Richard H. Peterson, Book Review Editor
Comparative Frontiers: A Proposal for Studying the American West. By Jerome O. Steffen. Norman, Oklahoma: University of Oklahoma Press, 1980. Bibliography. Index. 139 pages. $10.95.
Reviewed by Newell G. Bringhurst, Assistant Professor of History, Indiana University at Kokomo, author of a forthcoming book entitled Saints, Slaves, and Blacks on Mormon-black relations to be published by Greenwood Press.
This work is informative and enlightening, but at the same time a little disturbing. Steffen’s work is a “Proposal” designed to test the claim of Frederick Jackson Turner’s “Frontier Thesis” that change rather than continuity dominated Western American history. Steffen focuses on five comparative American frontiers—the Cis-Mississippi (or trans-Appalachian) Agricultural, Fur Traders’, Ranching, Mining, and Great Plains. Steffen’s “Proposal” suggests that change be broken down into two broad categories: (a) “modal change” or minimal change in which conceptual foundations along the frontier remained essentially the same and, (b) “fundamental change” in which there was significant alteration. According to Steffen these two types of change can be delineated by examining the degree of frontier “insularity” as opposed to “interacting links”—that is, the connection between Western frontier regions and “parent cultures” or main bodies of civilization to the East. Steffen suggests that America’s frontiers fell into two main categories: (1) “cosmopolitan frontiers”, associated with “modal change”, and a greater number of “interacting links” and, (2) “insular frontiers” characterized by minimal “interacting links” and “fundamental change” influenced by indigenous frontier environments.
Steffen utilizes these ideas in testing the concept of change on his five comparative frontiers. He then arrives at a set of “highly speculative” conclusions “based on selective documentation” (p. ix). The first of Steffen’s frontiers—the Cis-Mississippi Agricultural frontier—was dominated by change rather than continuity and was thus in the traditional Turner mode a typical frontier region. This region had limited contact or “interacting links” with older settled regions and was an “insular frontier” influenced primarily by its indigenous environment.

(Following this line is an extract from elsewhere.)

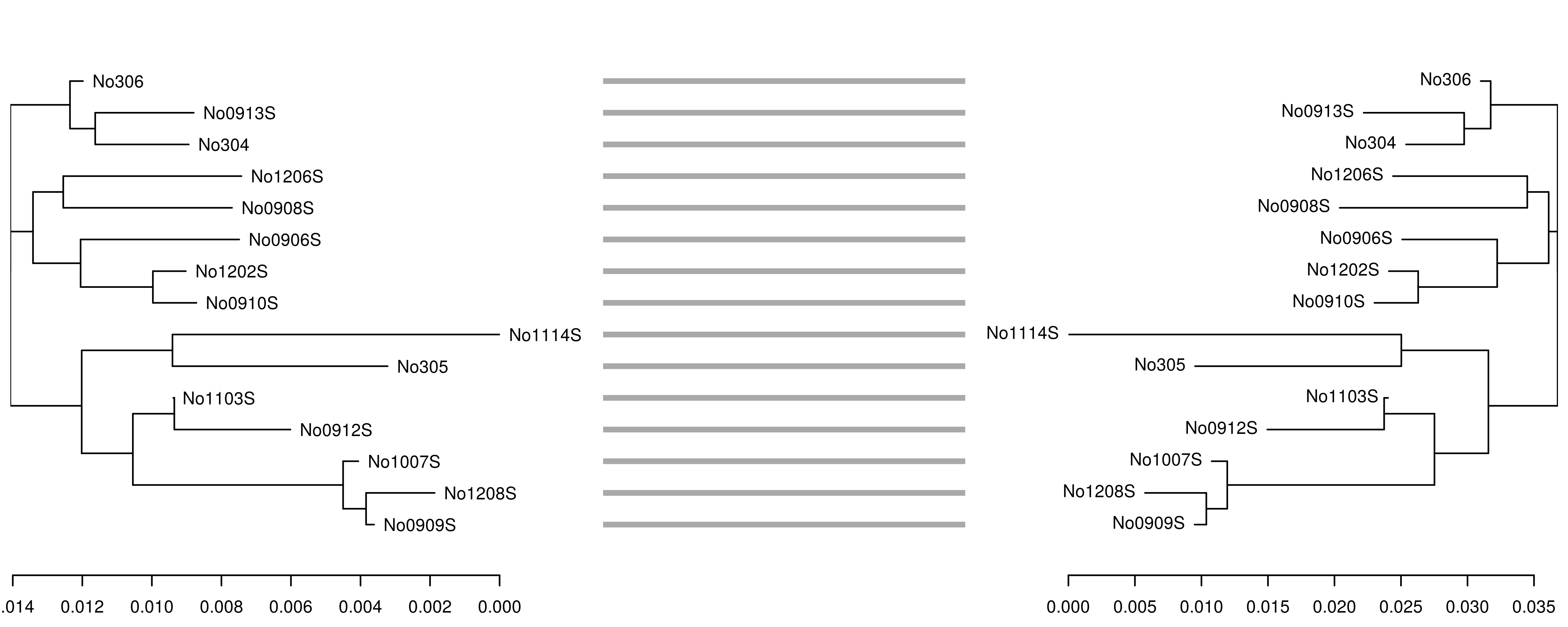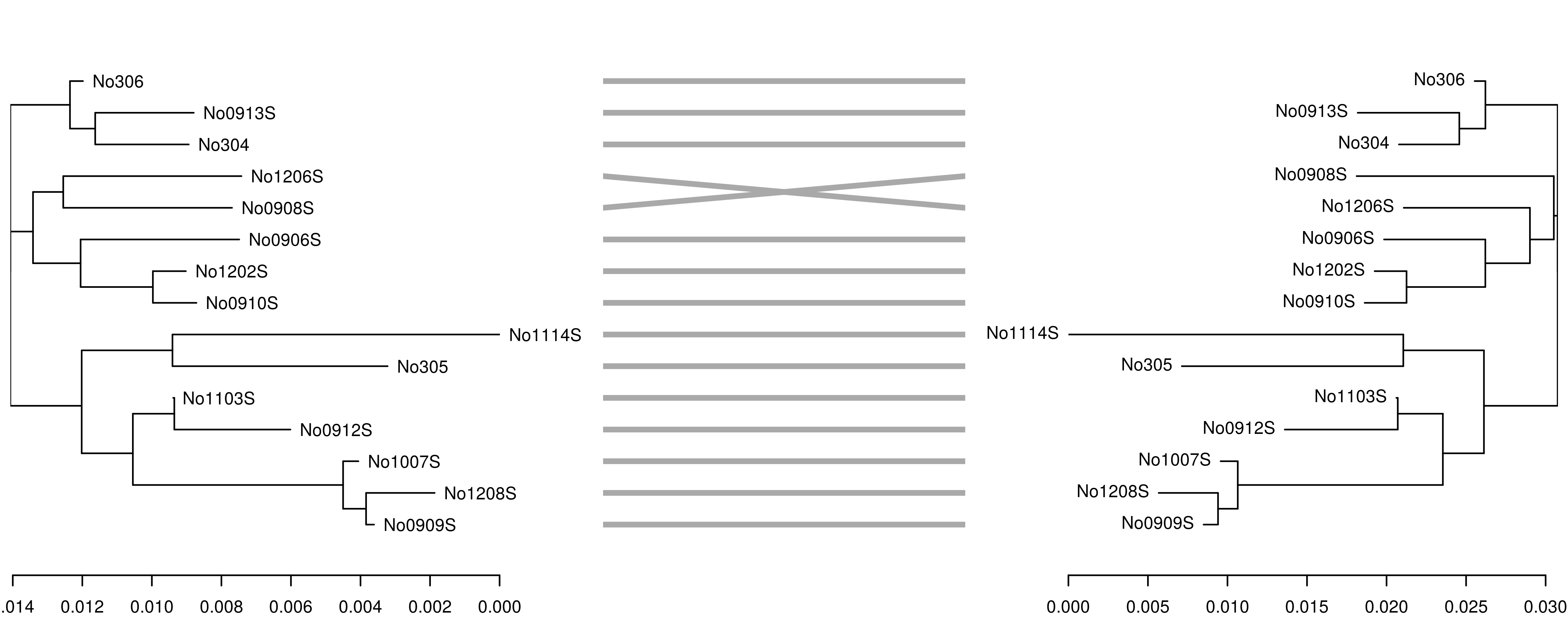 dendextend::tanglegram(dndlist, fast = TRUE, margin_inner = 5)

By contrast, Steffen’s other four frontiers were “cosmopolitan” with a greater number of “interacting links” and influenced primarily by parent cultures to the East. The Fur Trader’s Frontier developed in a spirit of mercantilism and imperialist acquisition carried from Europe and evident since the fifteenth century. The fur traders, themselves, reflected established behavior patterns as “expectant capitalists”—an attitude predominant in the larger Jacksonian American society. Continuity also dominated the Ranching Frontier with Western cattlemen perpetuating the practices of earlier Spanish, American colonial, and Ohio Valley ranchers. In fact, the “interacting links” between western ranchers and the rest of the nation intensified as cattle raising became a large-scale industry with Westerners consolidating their interests in concert with the new monopolistic industrial order emerging in the East. The mining frontier also exhibited continuity. Steffen places his examination of this frontier in a broader, time-place perspective by pointing out the similarities between western mining regions and earlier gold mining regions in Georgia. He notes the transference from East to West of mining codes, vigilance committees, and de facto courts. Finally, the Great Plains frontier was also dominated by continuity as the farmers of this region acted as “rural businessmen” and exhibited the same behavior and practices as their contemporary counterparts in the East.
Steffen’s “Proposal” is intriguing and his tentative conclusions seem fairly convincing. While his sociological jargon is, at times, distracting and overused, Steffen’s work provides a useful paradigm which should facilitate the further testing of his tentative findings. Steffen is most persuasive in his contention that Western historians need to further utilize the ideas and paradigms of the anthropologist, social psychologist, and sociologist. Also of value is Steffen’s use of prosopographic studies in examining the fur trading, cattle, and mining frontiers. He, thereby, effectively demonstrates another useful methodology for Western historians.
Despite its strengths, Steffen’s “Proposal” is disturbing in a couple of respects. Steffen’s tentative thesis that continuity rather than change dominated the trans-Mississippi frontiers is not really all that new. Many of Steffen’s suggestions were earlier developed by Earl Pomeroy in an article entitled “Toward a Reorientation of Western History: Continuity and Environment” published in 1955 in the Mississippi Valley Historical Review. Steffen, however, fails to acknowledge this article or even cite it in his footnotes or bibliography. Also disturbing is Steffen’s assertion that the “Western scholarly community has become, for all practical purposes, a closed society” (p. xviii). This is a gross overstatement especially in light of the many outstanding works in Western history that have appeared in recent years—many of which are cited in Steffen’s own footnotes and bibliography. These works demonstrate a sensitivity towards historical scholarship outside of the American West and a sound knowledge of the techniques of anthropology, pyschology, and sociology. While it is true that Western historians need to establish more outside contacts, they are certainly not as parochial as Steffen suggests.